Jamie_Gregory · Oct 22, 2020 2:42:56 PM

This is the FAQ for the October 20th Talk to Experts Tuesday session on Qlik Replicate.

For the recording and transcript, please see TTET - Qlik Replicate on October 20, 2020: Recording & Transcript.

Environment: Qlik Replicate

Q: Why is the users tab is not showing up under the Server View in my Linux environment?

A: In Linux Replicate, there is only one user in the default mode, the admin user that has full access to everything. If you want to be able to have Roles for users, you would have to use the Windows UI with the Linux Replicate server. You can see that there are fewer tabs than on the Windows side, like user permissions. You can work with Active Directory and set up an individual user or groups that are in your Active Directory to give access and change the roles.

Q: How do I collect the process for Qlik Replicate?

A: We did a presentation in house, a couple weeks back and we uploaded it to the Qlik Community Knowledgebase, Collecting Replicate Process Dumps. It’s a presentation but it’s also a PowerPoint. In the PowerPoint, it goes through and gives you instructions on what you have to set up inside of replicate, what you have to set up at the operating system level, both for Windows and for a Linux environment, to be able to capture the debug information. It shows you all the stuff that’s needed by Support to be able to debug a dump situation where processes are ending unexpectedly. It’s got some pretty good information on things that Support is going to be looking for to be able to help fix the issue.

Q: How can Qlik replicate access SAP ECC, HANA systems via SAP extractors?

A: We just added support of SAP extractors to our Replicate capabilities in this release. It’s very new functionality. Basically, we are just beta testing it. We are basically utilizing the extractor as a connector to SAP. The same way that you are used to utilizing extractors to capture data from SAP and move it into BW, we are just replacing the endpoint on the other side. We have all the same information, the same setup you’re using today to capture data from exactors, on the backend we’re plugging in Replicate. From there, it will be taken into the destination of your choice, whatever is supported by Replicate.

Q: Can you please recommend on how to set up a change control management in production and the options to migrate several tasks lower to higher environment?

A: If you’re trying to move, and we’re talking about basically a Replicate task and trying to move it between environments. Either moving it up to Production or moving it into a QA environment or maybe down to dev. Typically you would set up the connections ahead of time on all the environment. We call them endpoints, it’s basically the connection string information. You can then take advantage of Enterprise Managers API solution to be able to export that information from one environment, either change the endpoint connection strings or remove them completely with the same (as long as they’re the same name) and then import those using the API set to the new environment. When you extract that, it’s in JSON format that you can check into source control so that you can track that.

Q: We have experience slowness when using upsert mode. What alternative, if any is available, to increase speed while keeping features that upsert provide such as the ability to do an insert when a update transaction arrives and there is no record in the target?

A: Typically we’re in batch apply mode and you’ve set the upsert mode, then when an update comes in, we’re going to issue a delete then an insert.
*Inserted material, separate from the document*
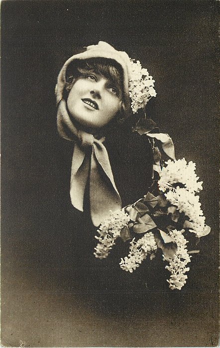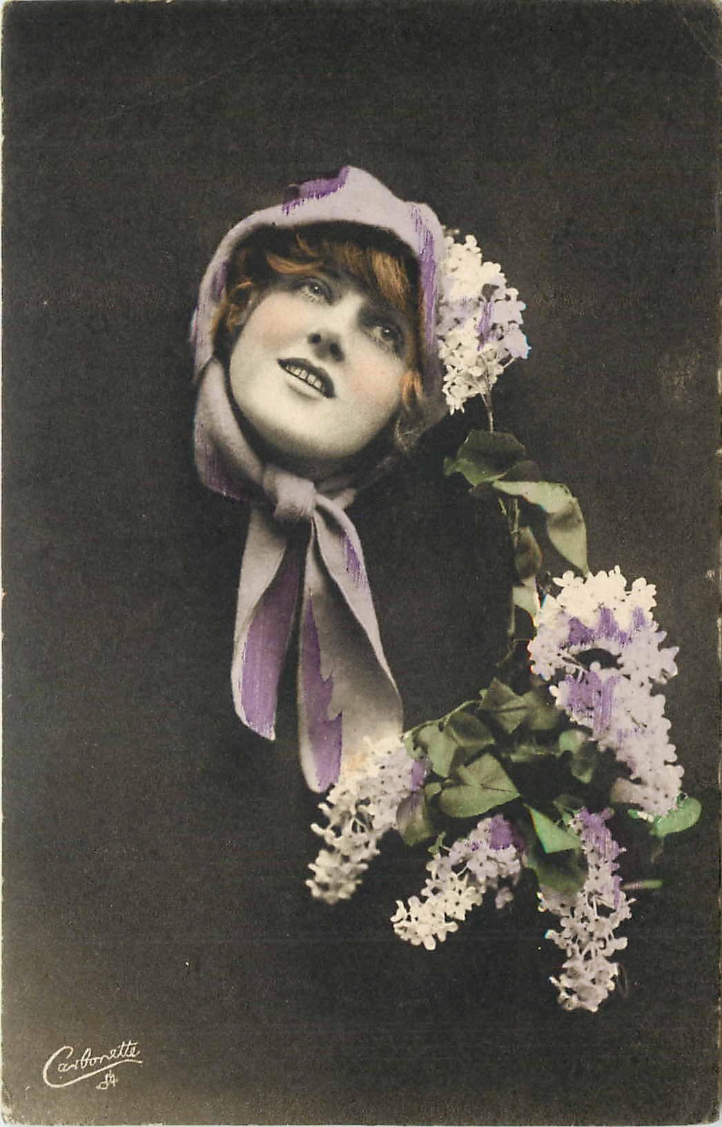 girls head looking forward & slightly up with scarf tied over hair, next to lilac

Unfortunately, that doesn’t work for tables that have LOB information in them. Most of the time we suggest splitting your LOB tables, tables that have LOBs in them, into a separate task that you know are going to be slower to apply. So it doesn’t impact the bulk of your tables going through. If you’re in a database that likes big transactions, like Snowflake or some of the other web based apps, then you want to be able to build large batches. Some of that tuning is around setting the batch size so that you’re doing large amounts of changes at the same time. But every situation is a little bit different so typically you’d want to open a case for that and get somebody from Support involved to see if there’s something else impacting your environment.

Q: Is there any way where we can extract the record counts of a table/tables from source and target , columns matching of the source tables and target tables and the values in each column between source and target. All these can be extracted from replicate? Any tables that capture these information? my source is SAPHANA and targets are Azure managed instance and Azure synapse.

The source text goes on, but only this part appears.